He is in need and wants to receive;
he is rich and wants to slake the thirst of others.”
St. Augustine, Commentary on John

In today’s Gospel, John 4: 5-42, we find Jesus in need. He’s tired and thirsty, seated at Jacob’s well, in the heat of the noonday sun.

Icon, Vatican Museum

Icon, Vatican Museum

A woman, triply marginalized, approaches. But she has a water jar – and the capacity to help Jesus satisfy his physical thirst.

She is a woman and a Jewish teacher wouldn’t be seen speaking publicly with a woman who is not family.

She is also a Samaritan – a “heretic” according to the Jews. As she says, “Jews have nothing to do with Samaritans.”

She is also probably an outcast in her village. She doesn’t come for water when the other women do, in the cool of the morning. She arrives in the noonday heat, perhaps to avoid the looks or the gossip of the other women, who perhaps fear she’ll take their husbands. “After all, she has had five men!”

But she asks the woman for help: “Will you give me a drink?”

She objects, emphasizing the gap between them.
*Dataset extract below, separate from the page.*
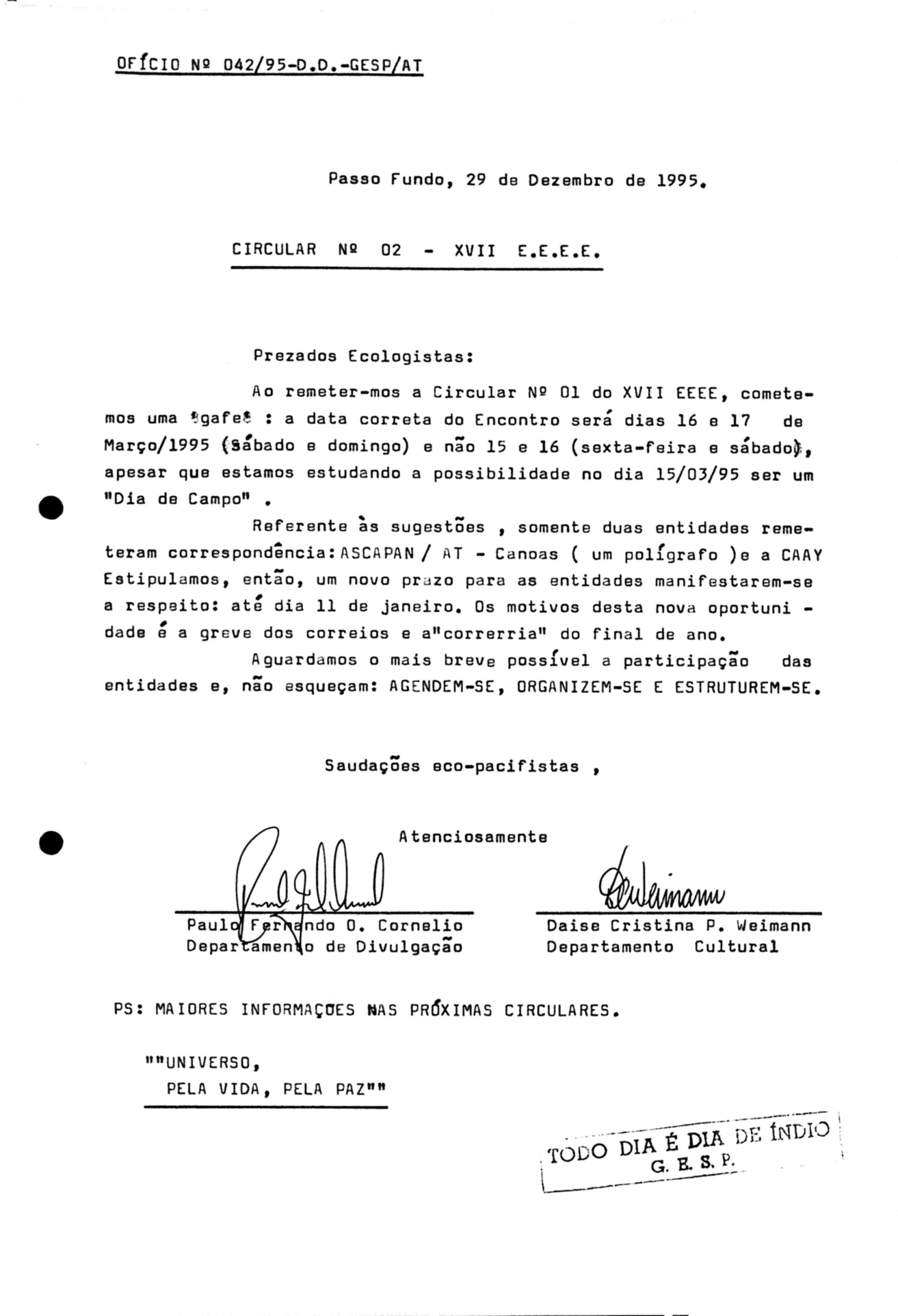 Ofício circular Voltar 18 de fevereiro de 2026 by administrador@sentineladospampas.eco.br   Documento 59 Baixar Metadados Miniatura Compartilhe Nº Registro59TítuloOfício circularDescriçãoOfício circular, divulgação nova data do XVII Encontro Estadual de Entidade Ecológicas XVII EEEEData1995-12-29Tipo de documentoDatilografadoColeçãoDocumental Continuar navegando Ofício expedido Ofício expedido Voltar para a lista de itens

But Jesus sees her thirst, her desire for something different, and he offers her living water.

Perhaps tired of coming every day at noon for water she asks Jesus for this living water.

But Jesus asks her to call her husband and reveals that in her thirst, her desire for life, she has had five men.

Unsatisfied, she has sought to quench her thirst for life in five different men and, in the words of U-2, she still hadn’t found what she was looking for.

Jesus has awakened that desire in her. He has called her to see the deepest desires of her heart. And he reveals himself to her as the long-awaited Messiah.

Jesus asks us for a drink, to share what we have with him. And he wants to awaken in us the deepest desires and thirsts of our heart.

He sees her as a person who can do something with him. (In fact, she ends up evangelizing her town.)

We have something that Jesus can use. He asks our help – and in the process, he helps us discover our real need and find it in letting ourselves be loved by Him.